- RECORDED INFORMATION -

○ ○ ○

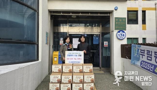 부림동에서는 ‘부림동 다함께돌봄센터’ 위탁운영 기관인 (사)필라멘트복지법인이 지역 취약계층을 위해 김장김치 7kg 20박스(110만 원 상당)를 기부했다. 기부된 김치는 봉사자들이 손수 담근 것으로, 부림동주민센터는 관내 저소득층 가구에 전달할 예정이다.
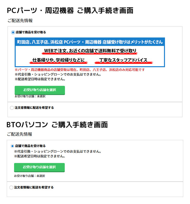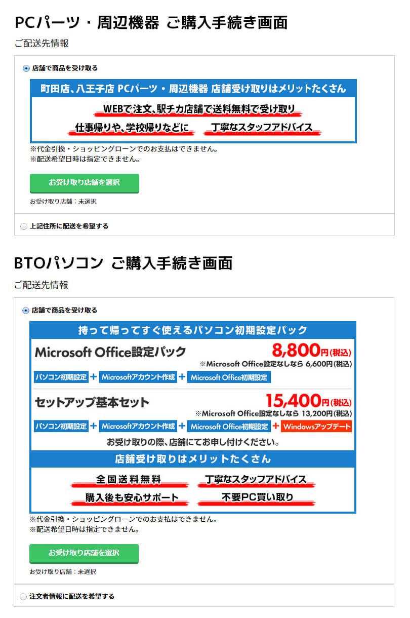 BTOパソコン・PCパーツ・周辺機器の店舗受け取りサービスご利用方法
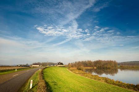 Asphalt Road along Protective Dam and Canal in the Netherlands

○ ○ ○

- ACTIVITY -
Without the pictures, repeat exactly the lines running from the line containing "BTOパソコン・PCパーツ・周辺機器の店舗受け取りサービスご利用方法" through the end of the data, both ends included.

- WRITTEN RESPONSE -
 BTOパソコン・PCパーツ・周辺機器の店舗受け取りサービスご利用方法
 Asphalt Road along Protective Dam and Canal in the Netherlands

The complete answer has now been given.